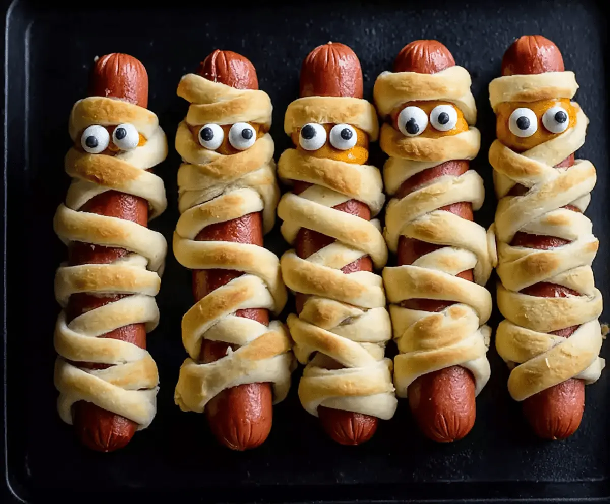 Mummy Hot Dogs are a fun twist on the classic hot dog! Wrapped in flaky dough, they look like little mummies ready for Halloween. Perfect for kids and parties!
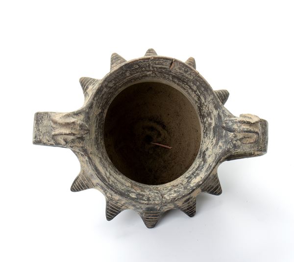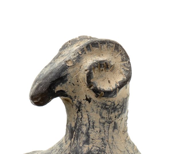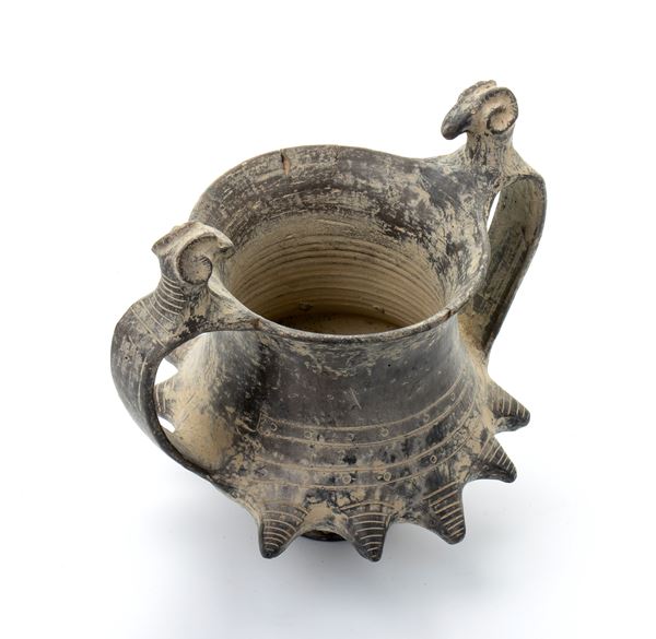 Coppa biansata in ceramica buccheroide con decori a rilievo di testa di montone sulle anse e umbonati sul corpo
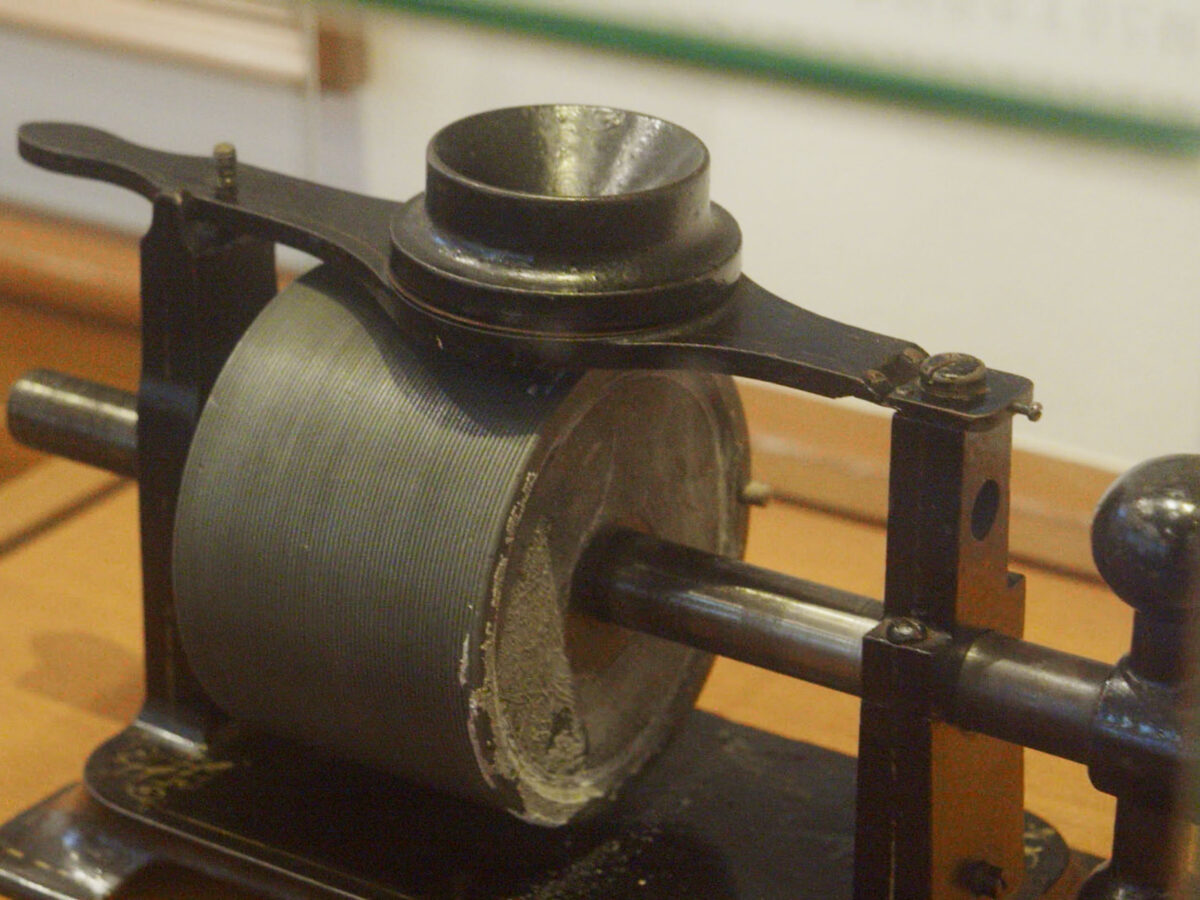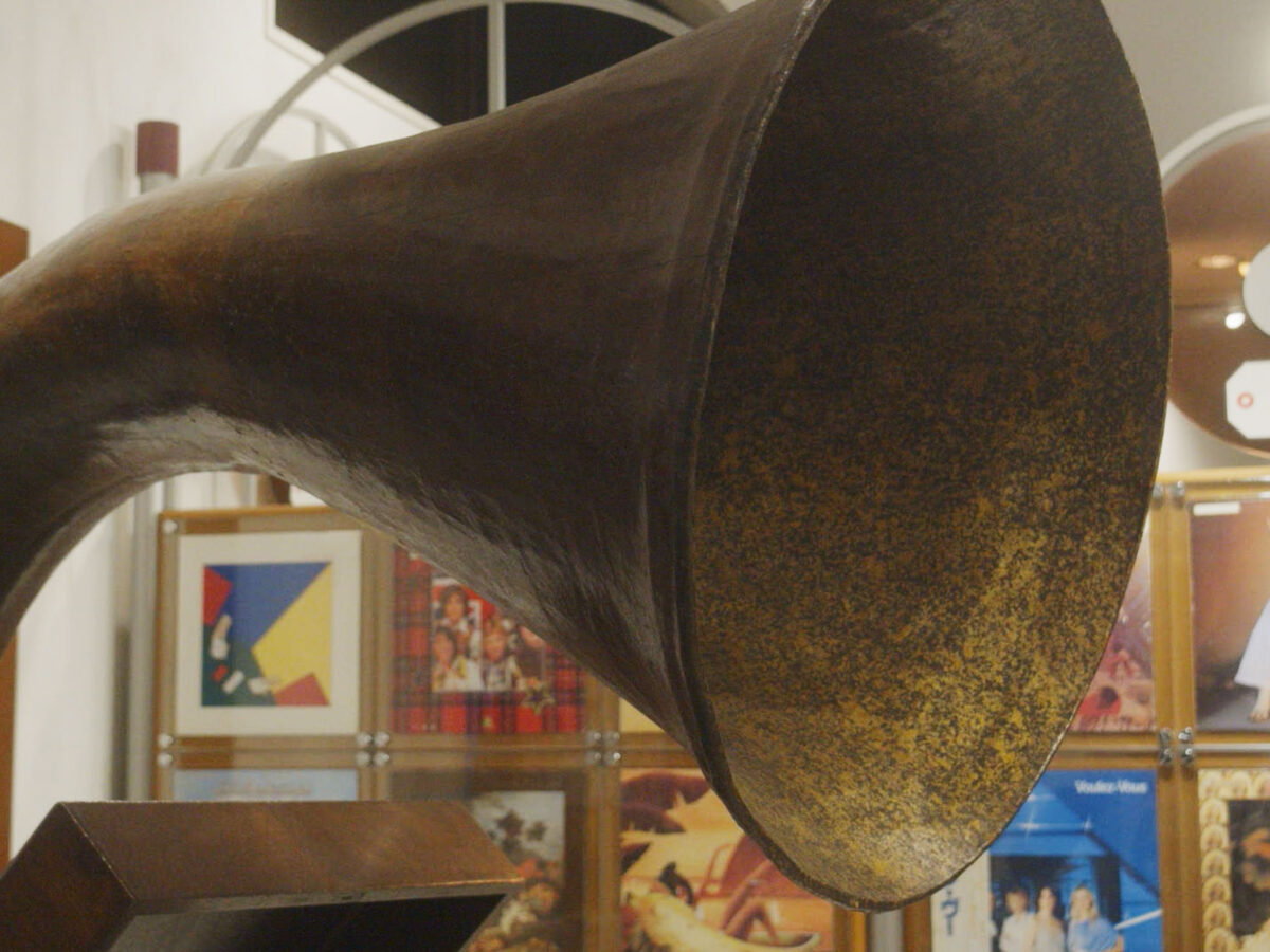 有料の展示スペース「レ・コードミュージアム」には、エジソンによる発明からLPレコードに至るまでの、レコードの歴史が展示されています。黎明期の珍しい蓄音機(蝋管、錫箔式)や、レコードの溝を切るカッティングマシーン、世界最大、最小のレコードなど、幅広い資料を見ることができます。
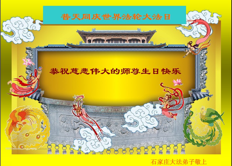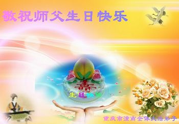 我們會努力做好弟子該做的三件事,走好走正證實大法的這條路,完成弟子的使命,兌現弟子的誓約。以表弟子們對師父的感恩,謝謝師尊。望早日與師尊團聚。再次祝師尊生日快樂!
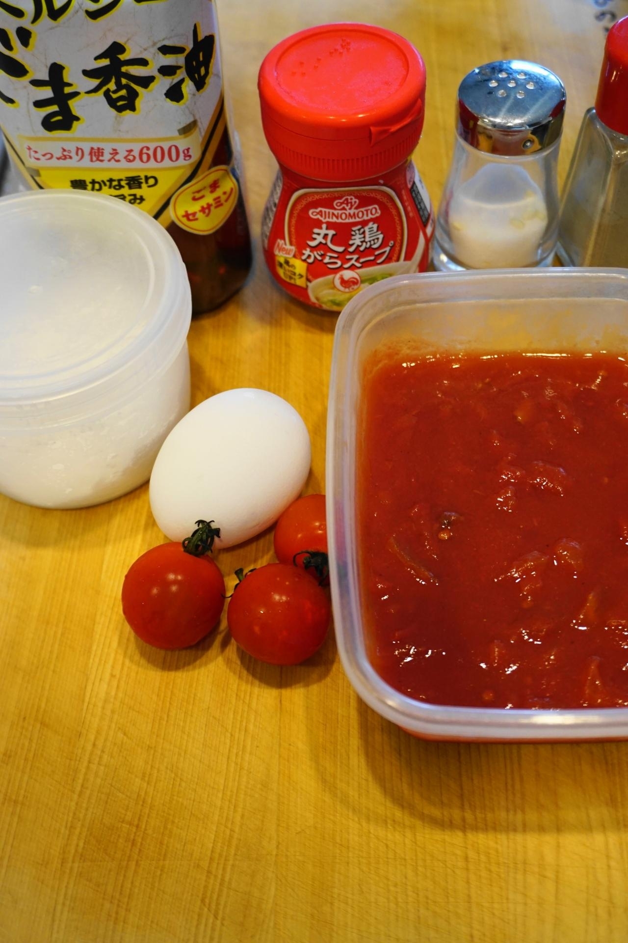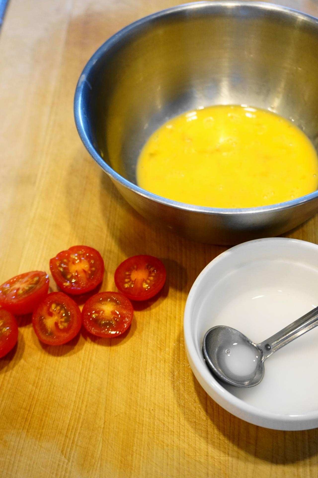 卵はボウルに割り入れ~溶きほぐし、ミニトマトはヘタを取り除き~横半分に切り、万能ねぎは小口切りにする。。
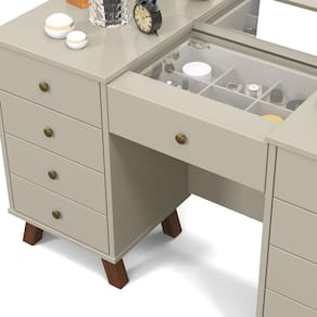 Penteadeira Camarim Eloá 9 Gavetas Retro Moderno Patrimar Móveis A Penteadeira Camarim Eloá é um móvel bastante útil que vai agregar beleza, luxo e sofisticação ao seu quarto. Possui estrutura em mdf de excelente qualidade que proporciona maior durabilidade e resistência ao produto, conta com 9 gavetas sendo a central com colmeia e amplo espaço interno para maior organização dos seus pertences. Designer moderno desenvolvida para lhe proporcionar maior visibilidade na hora de fazer a sua maquiagem, pois conta com leds de alta qualidade. EspecificaçõesPenteadeira Camarim Eloá-100% MDF-Puxadores em metal-Corrediças telescópicas-Colmeia e vidro 04 mm-Iluminação de Led-Pés em madeira maciçaMedidas da PenteadeiraAltura: 142,5 cmLargura: 137 cmProfundidade: 44 cmPeso: 69,10 Kg0,1427 m³Produto NovoProduto Vai desmontadoMontagem por conta do CompradorAcompanha kit e manual para montagem

> [WORK TO COMPLETE]: Return each record exactly as given, excluding any image.

> [EXERCISE OUTPUT]:
 Mummy Hot Dogs are a fun twist on the classic hot dog! Wrapped in flaky dough, they look like little mummies ready for Halloween. Perfect for kids and parties!
 Coppa biansata in ceramica buccheroide con decori a rilievo di testa di montone sulle anse e umbonati sul corpo
 有料の展示スペース「レ・コードミュージアム」には、エジソンによる発明からLPレコードに至るまでの、レコードの歴史が展示されています。黎明期の珍しい蓄音機(蝋管、錫箔式)や、レコードの溝を切るカッティングマシーン、世界最大、最小のレコードなど、幅広い資料を見ることができます。
 我們會努力做好弟子該做的三件事,走好走正證實大法的這條路,完成弟子的使命,兌現弟子的誓約。以表弟子們對師父的感恩,謝謝師尊。望早日與師尊團聚。再次祝師尊生日快樂!
 卵はボウルに割り入れ~溶きほぐし、ミニトマトはヘタを取り除き~横半分に切り、万能ねぎは小口切りにする。。
 Penteadeira Camarim Eloá 9 Gavetas Retro Moderno Patrimar Móveis A Penteadeira Camarim Eloá é um móvel bastante útil que vai agregar beleza, luxo e sofisticação ao seu quarto. Possui estrutura em mdf de excelente qualidade que proporciona maior durabilidade e resistência ao produto, conta com 9 gavetas sendo a central com colmeia e amplo espaço interno para maior organização dos seus pertences. Designer moderno desenvolvida para lhe proporcionar maior visibilidade na hora de fazer a sua maquiagem, pois conta com leds de alta qualidade. EspecificaçõesPenteadeira Camarim Eloá-100% MDF-Puxadores em metal-Corrediças telescópicas-Colmeia e vidro 04 mm-Iluminação de Led-Pés em madeira maciçaMedidas da PenteadeiraAltura: 142,5 cmLargura: 137 cmProfundidade: 44 cmPeso: 69,10 Kg0,1427 m³Produto NovoProduto Vai desmontadoMontagem por conta do CompradorAcompanha kit e manual para montagem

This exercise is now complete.